START PROVIDED DATA

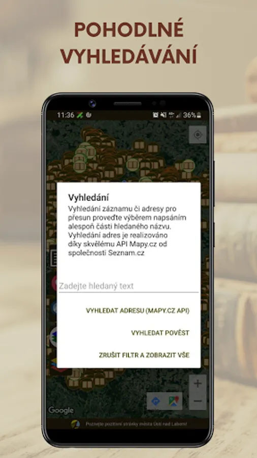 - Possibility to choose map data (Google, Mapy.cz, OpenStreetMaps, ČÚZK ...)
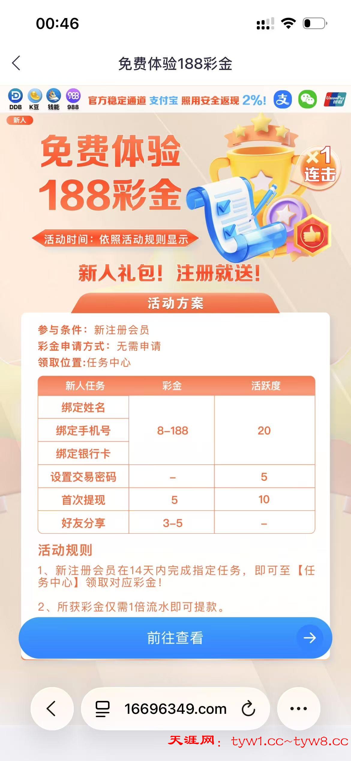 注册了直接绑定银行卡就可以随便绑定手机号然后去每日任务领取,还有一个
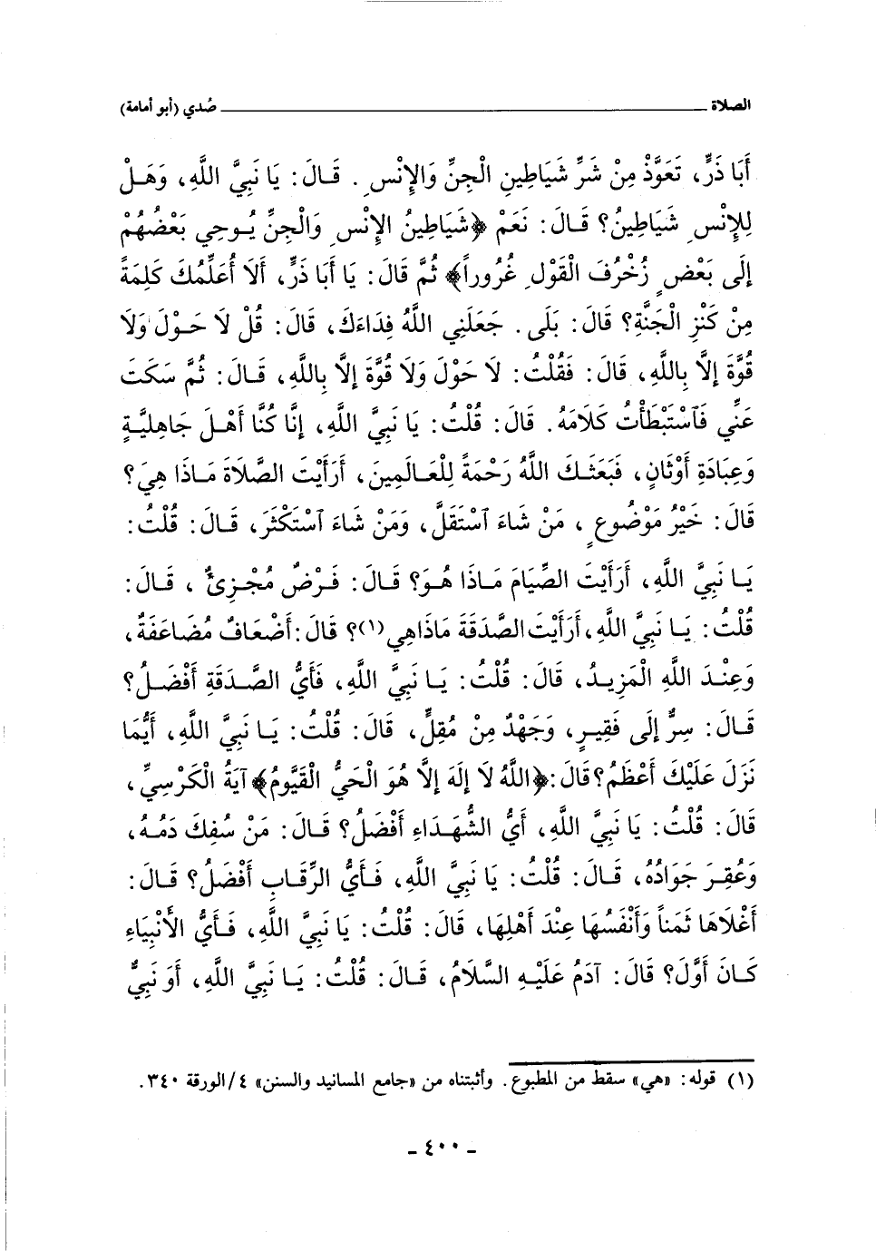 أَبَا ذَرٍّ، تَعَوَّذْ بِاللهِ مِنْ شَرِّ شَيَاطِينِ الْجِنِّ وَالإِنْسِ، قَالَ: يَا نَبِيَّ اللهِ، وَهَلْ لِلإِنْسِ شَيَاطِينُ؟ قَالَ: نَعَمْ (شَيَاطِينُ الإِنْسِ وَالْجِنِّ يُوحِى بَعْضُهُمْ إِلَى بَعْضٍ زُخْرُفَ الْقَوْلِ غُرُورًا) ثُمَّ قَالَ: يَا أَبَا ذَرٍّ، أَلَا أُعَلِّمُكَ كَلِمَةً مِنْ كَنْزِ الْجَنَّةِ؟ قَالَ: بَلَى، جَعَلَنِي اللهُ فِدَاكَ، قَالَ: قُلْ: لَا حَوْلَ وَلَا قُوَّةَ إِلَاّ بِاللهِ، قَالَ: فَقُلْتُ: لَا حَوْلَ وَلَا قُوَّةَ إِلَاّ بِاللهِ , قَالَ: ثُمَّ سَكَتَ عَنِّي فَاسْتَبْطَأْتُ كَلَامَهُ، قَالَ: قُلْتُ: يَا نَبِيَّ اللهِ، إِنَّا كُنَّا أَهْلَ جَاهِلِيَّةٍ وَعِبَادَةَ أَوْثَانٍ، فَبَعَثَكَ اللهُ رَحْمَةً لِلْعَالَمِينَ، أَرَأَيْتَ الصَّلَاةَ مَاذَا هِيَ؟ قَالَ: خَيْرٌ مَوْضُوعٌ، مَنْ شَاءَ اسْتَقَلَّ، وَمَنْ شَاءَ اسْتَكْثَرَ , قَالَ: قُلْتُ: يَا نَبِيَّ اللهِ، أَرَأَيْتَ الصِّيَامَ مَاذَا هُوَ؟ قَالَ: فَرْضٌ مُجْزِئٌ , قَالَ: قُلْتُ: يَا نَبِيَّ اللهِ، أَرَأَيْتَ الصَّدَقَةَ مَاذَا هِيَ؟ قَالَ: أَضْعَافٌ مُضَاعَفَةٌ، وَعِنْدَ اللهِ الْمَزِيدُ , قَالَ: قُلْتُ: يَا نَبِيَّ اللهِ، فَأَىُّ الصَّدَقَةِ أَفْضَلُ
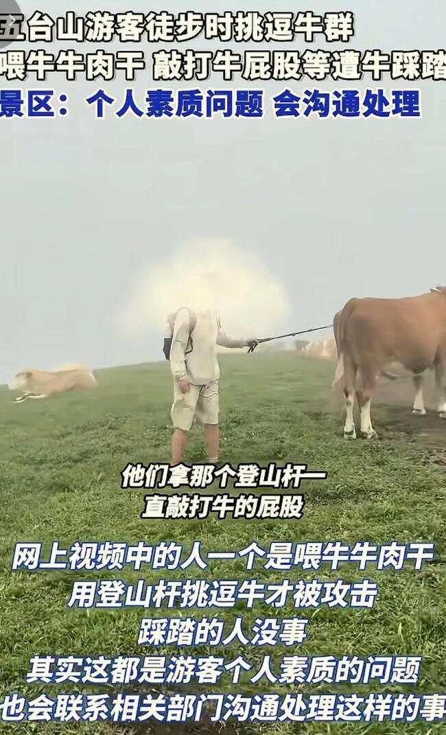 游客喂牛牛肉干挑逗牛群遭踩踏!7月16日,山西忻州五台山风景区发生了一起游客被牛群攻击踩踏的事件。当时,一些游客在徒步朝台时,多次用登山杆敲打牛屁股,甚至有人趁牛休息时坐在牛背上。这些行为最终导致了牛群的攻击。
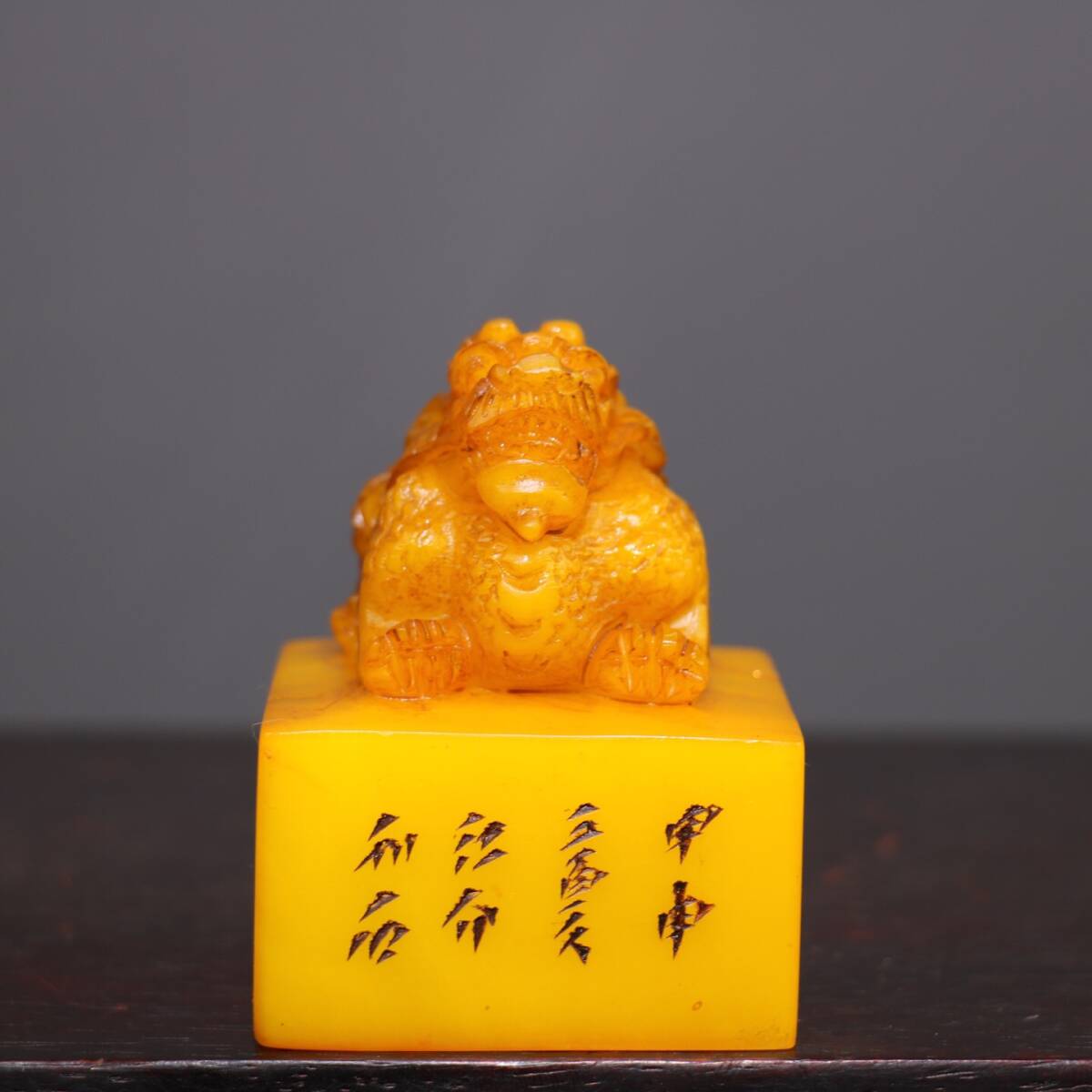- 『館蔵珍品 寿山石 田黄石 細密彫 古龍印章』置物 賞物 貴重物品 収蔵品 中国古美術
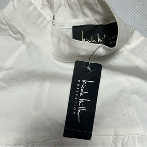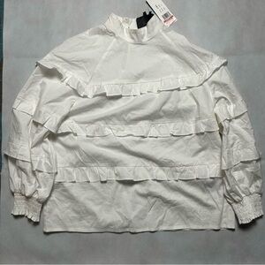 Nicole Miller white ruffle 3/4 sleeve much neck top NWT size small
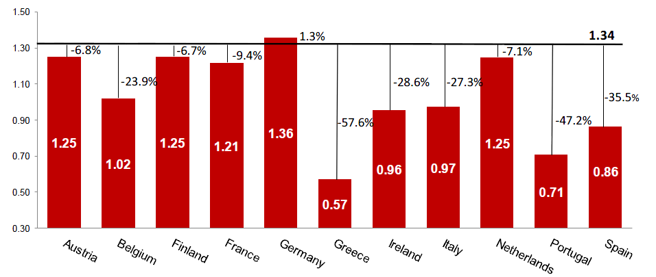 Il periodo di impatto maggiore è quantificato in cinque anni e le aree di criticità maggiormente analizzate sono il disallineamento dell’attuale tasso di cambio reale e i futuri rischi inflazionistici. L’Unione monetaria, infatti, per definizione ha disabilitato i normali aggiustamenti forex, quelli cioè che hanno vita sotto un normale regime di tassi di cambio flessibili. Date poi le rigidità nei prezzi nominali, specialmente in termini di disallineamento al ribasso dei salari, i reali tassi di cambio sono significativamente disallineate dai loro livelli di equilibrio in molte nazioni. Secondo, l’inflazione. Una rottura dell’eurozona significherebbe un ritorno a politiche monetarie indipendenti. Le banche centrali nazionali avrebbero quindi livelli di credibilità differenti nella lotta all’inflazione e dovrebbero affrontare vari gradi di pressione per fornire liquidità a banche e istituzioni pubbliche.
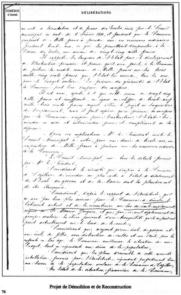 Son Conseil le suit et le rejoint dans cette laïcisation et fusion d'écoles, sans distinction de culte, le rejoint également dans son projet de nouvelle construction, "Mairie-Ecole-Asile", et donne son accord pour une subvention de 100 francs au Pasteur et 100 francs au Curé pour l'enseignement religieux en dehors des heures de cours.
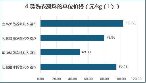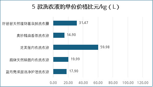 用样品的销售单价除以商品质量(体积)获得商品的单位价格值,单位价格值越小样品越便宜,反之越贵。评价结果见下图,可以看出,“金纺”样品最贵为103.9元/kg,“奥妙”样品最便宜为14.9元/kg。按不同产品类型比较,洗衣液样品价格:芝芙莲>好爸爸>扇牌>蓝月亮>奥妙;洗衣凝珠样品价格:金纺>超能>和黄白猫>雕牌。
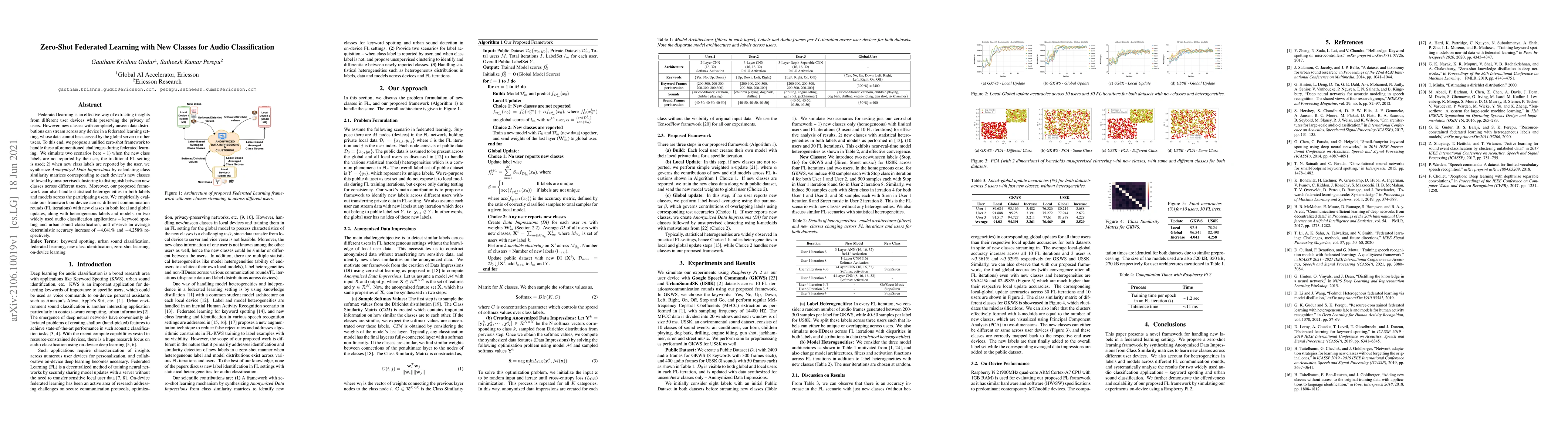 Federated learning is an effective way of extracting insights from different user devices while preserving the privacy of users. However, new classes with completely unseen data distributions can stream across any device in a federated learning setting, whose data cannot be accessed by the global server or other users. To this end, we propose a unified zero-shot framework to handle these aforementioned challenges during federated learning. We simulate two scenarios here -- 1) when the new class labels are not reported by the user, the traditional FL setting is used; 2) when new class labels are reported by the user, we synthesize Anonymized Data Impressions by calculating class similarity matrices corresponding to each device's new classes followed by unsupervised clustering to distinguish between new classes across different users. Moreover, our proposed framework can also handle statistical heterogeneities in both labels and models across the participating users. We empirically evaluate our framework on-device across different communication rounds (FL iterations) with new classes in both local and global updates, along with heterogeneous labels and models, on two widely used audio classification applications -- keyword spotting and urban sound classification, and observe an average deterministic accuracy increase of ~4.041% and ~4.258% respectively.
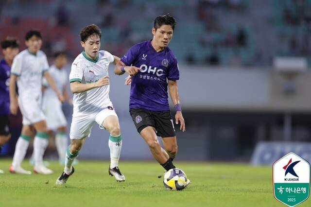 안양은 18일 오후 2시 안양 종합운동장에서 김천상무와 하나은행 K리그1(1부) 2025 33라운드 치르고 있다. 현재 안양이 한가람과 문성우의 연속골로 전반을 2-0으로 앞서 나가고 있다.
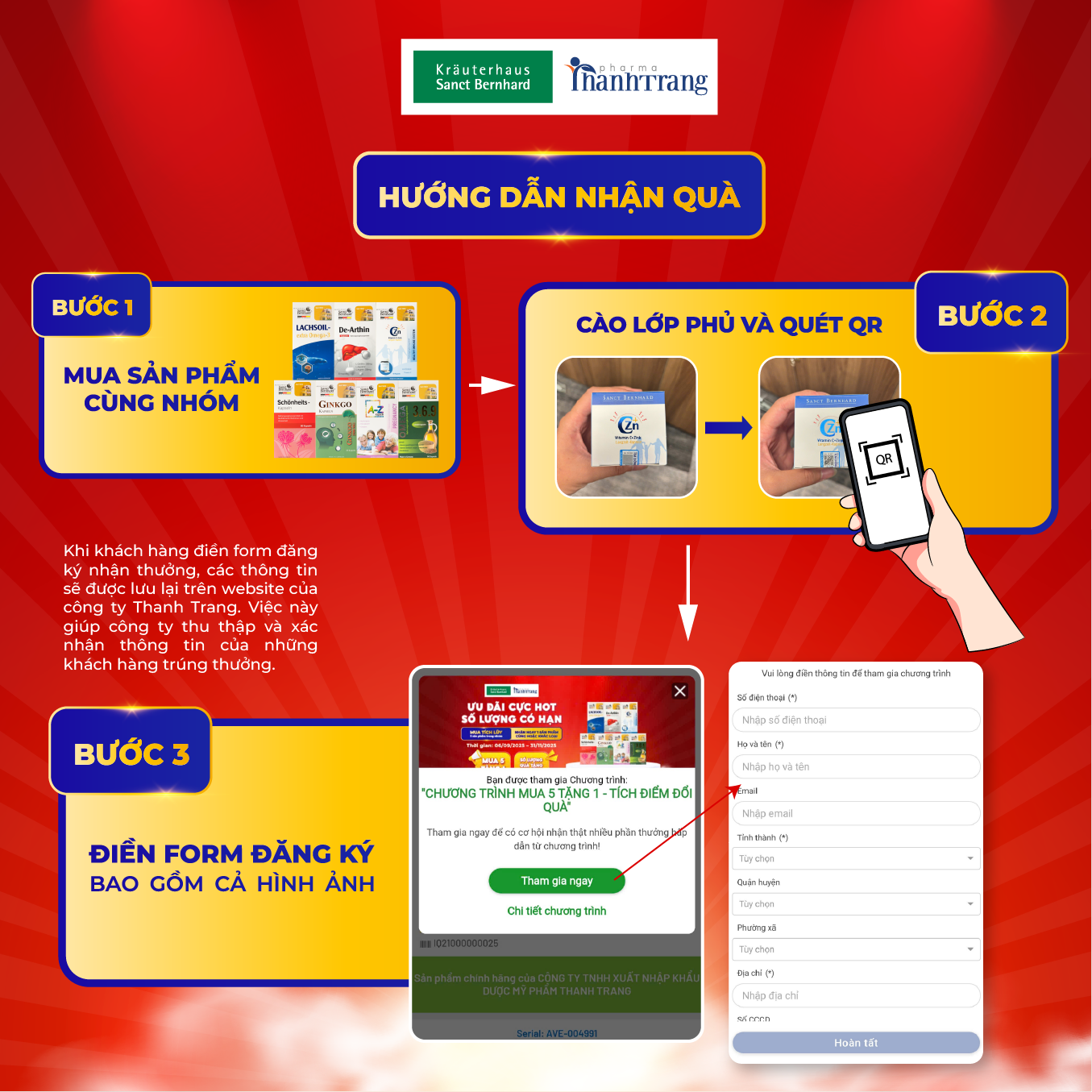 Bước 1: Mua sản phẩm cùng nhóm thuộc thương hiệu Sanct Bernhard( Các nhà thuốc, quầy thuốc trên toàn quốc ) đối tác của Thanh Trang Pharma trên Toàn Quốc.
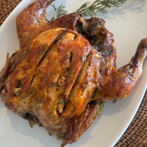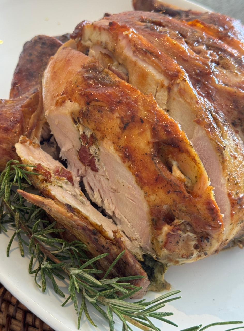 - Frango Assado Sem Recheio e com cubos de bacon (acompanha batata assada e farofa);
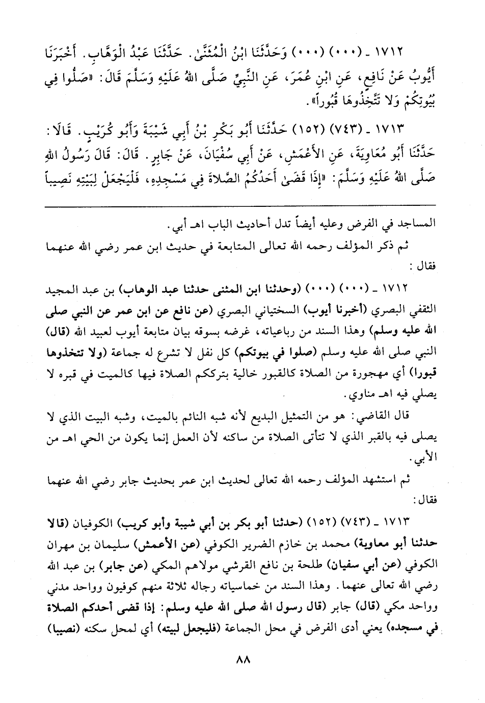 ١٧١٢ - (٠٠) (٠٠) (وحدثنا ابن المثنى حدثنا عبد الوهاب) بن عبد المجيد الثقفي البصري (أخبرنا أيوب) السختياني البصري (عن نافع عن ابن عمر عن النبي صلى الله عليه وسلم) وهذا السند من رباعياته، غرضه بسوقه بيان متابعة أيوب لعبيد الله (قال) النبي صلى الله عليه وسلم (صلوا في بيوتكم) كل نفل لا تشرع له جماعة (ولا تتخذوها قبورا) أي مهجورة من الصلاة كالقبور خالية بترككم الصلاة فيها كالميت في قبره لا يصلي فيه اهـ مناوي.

END PROVIDED DATA

_EXERCISE:_ Since the pictures are not wanted, copy only the text of the records above, exactly.

_ANSWER SPACE:_
 - Possibility to choose map data (Google, Mapy.cz, OpenStreetMaps, ČÚZK ...)
 注册了直接绑定银行卡就可以随便绑定手机号然后去每日任务领取,还有一个
 أَبَا ذَرٍّ، تَعَوَّذْ بِاللهِ مِنْ شَرِّ شَيَاطِينِ الْجِنِّ وَالإِنْسِ، قَالَ: يَا نَبِيَّ اللهِ، وَهَلْ لِلإِنْسِ شَيَاطِينُ؟ قَالَ: نَعَمْ (شَيَاطِينُ الإِنْسِ وَالْجِنِّ يُوحِى بَعْضُهُمْ إِلَى بَعْضٍ زُخْرُفَ الْقَوْلِ غُرُورًا) ثُمَّ قَالَ: يَا أَبَا ذَرٍّ، أَلَا أُعَلِّمُكَ كَلِمَةً مِنْ كَنْزِ الْجَنَّةِ؟ قَالَ: بَلَى، جَعَلَنِي اللهُ فِدَاكَ، قَالَ: قُلْ: لَا حَوْلَ وَلَا قُوَّةَ إِلَاّ بِاللهِ، قَالَ: فَقُلْتُ: لَا حَوْلَ وَلَا قُوَّةَ إِلَاّ بِاللهِ , قَالَ: ثُمَّ سَكَتَ عَنِّي فَاسْتَبْطَأْتُ كَلَامَهُ، قَالَ: قُلْتُ: يَا نَبِيَّ اللهِ، إِنَّا كُنَّا أَهْلَ جَاهِلِيَّةٍ وَعِبَادَةَ أَوْثَانٍ، فَبَعَثَكَ اللهُ رَحْمَةً لِلْعَالَمِينَ، أَرَأَيْتَ الصَّلَاةَ مَاذَا هِيَ؟ قَالَ: خَيْرٌ مَوْضُوعٌ، مَنْ شَاءَ اسْتَقَلَّ، وَمَنْ شَاءَ اسْتَكْثَرَ , قَالَ: قُلْتُ: يَا نَبِيَّ اللهِ، أَرَأَيْتَ الصِّيَامَ مَاذَا هُوَ؟ قَالَ: فَرْضٌ مُجْزِئٌ , قَالَ: قُلْتُ: يَا نَبِيَّ اللهِ، أَرَأَيْتَ الصَّدَقَةَ مَاذَا هِيَ؟ قَالَ: أَضْعَافٌ مُضَاعَفَةٌ، وَعِنْدَ اللهِ الْمَزِيدُ , قَالَ: قُلْتُ: يَا نَبِيَّ اللهِ، فَأَىُّ الصَّدَقَةِ أَفْضَلُ
 游客喂牛牛肉干挑逗牛群遭踩踏!7月16日,山西忻州五台山风景区发生了一起游客被牛群攻击踩踏的事件。当时,一些游客在徒步朝台时,多次用登山杆敲打牛屁股,甚至有人趁牛休息时坐在牛背上。这些行为最终导致了牛群的攻击。
- 『館蔵珍品 寿山石 田黄石 細密彫 古龍印章』置物 賞物 貴重物品 収蔵品 中国古美術
 Nicole Miller white ruffle 3/4 sleeve much neck top NWT size small
 Il periodo di impatto maggiore è quantificato in cinque anni e le aree di criticità maggiormente analizzate sono il disallineamento dell’attuale tasso di cambio reale e i futuri rischi inflazionistici. L’Unione monetaria, infatti, per definizione ha disabilitato i normali aggiustamenti forex, quelli cioè che hanno vita sotto un normale regime di tassi di cambio flessibili. Date poi le rigidità nei prezzi nominali, specialmente in termini di disallineamento al ribasso dei salari, i reali tassi di cambio sono significativamente disallineate dai loro livelli di equilibrio in molte nazioni. Secondo, l’inflazione. Una rottura dell’eurozona significherebbe un ritorno a politiche monetarie indipendenti. Le banche centrali nazionali avrebbero quindi livelli di credibilità differenti nella lotta all’inflazione e dovrebbero affrontare vari gradi di pressione per fornire liquidità a banche e istituzioni pubbliche.
 Son Conseil le suit et le rejoint dans cette laïcisation et fusion d'écoles, sans distinction de culte, le rejoint également dans son projet de nouvelle construction, "Mairie-Ecole-Asile", et donne son accord pour une subvention de 100 francs au Pasteur et 100 francs au Curé pour l'enseignement religieux en dehors des heures de cours.
 用样品的销售单价除以商品质量(体积)获得商品的单位价格值,单位价格值越小样品越便宜,反之越贵。评价结果见下图,可以看出,“金纺”样品最贵为103.9元/kg,“奥妙”样品最便宜为14.9元/kg。按不同产品类型比较,洗衣液样品价格:芝芙莲>好爸爸>扇牌>蓝月亮>奥妙;洗衣凝珠样品价格:金纺>超能>和黄白猫>雕牌。
 Federated learning is an effective way of extracting insights from different user devices while preserving the privacy of users. However, new classes with completely unseen data distributions can stream across any device in a federated learning setting, whose data cannot be accessed by the global server or other users. To this end, we propose a unified zero-shot framework to handle these aforementioned challenges during federated learning. We simulate two scenarios here -- 1) when the new class labels are not reported by the user, the traditional FL setting is used; 2) when new class labels are reported by the user, we synthesize Anonymized Data Impressions by calculating class similarity matrices corresponding to each device's new classes followed by unsupervised clustering to distinguish between new classes across different users. Moreover, our proposed framework can also handle statistical heterogeneities in both labels and models across the participating users. We empirically evaluate our framework on-device across different communication rounds (FL iterations) with new classes in both local and global updates, along with heterogeneous labels and models, on two widely used audio classification applications -- keyword spotting and urban sound classification, and observe an average deterministic accuracy increase of ~4.041% and ~4.258% respectively.
 안양은 18일 오후 2시 안양 종합운동장에서 김천상무와 하나은행 K리그1(1부) 2025 33라운드 치르고 있다. 현재 안양이 한가람과 문성우의 연속골로 전반을 2-0으로 앞서 나가고 있다.
 Bước 1: Mua sản phẩm cùng nhóm thuộc thương hiệu Sanct Bernhard( Các nhà thuốc, quầy thuốc trên toàn quốc ) đối tác của Thanh Trang Pharma trên Toàn Quốc.
 - Frango Assado Sem Recheio e com cubos de bacon (acompanha batata assada e farofa);
 ١٧١٢ - (٠٠) (٠٠) (وحدثنا ابن المثنى حدثنا عبد الوهاب) بن عبد المجيد الثقفي البصري (أخبرنا أيوب) السختياني البصري (عن نافع عن ابن عمر عن النبي صلى الله عليه وسلم) وهذا السند من رباعياته، غرضه بسوقه بيان متابعة أيوب لعبيد الله (قال) النبي صلى الله عليه وسلم (صلوا في بيوتكم) كل نفل لا تشرع له جماعة (ولا تتخذوها قبورا) أي مهجورة من الصلاة كالقبور خالية بترككم الصلاة فيها كالميت في قبره لا يصلي فيه اهـ مناوي.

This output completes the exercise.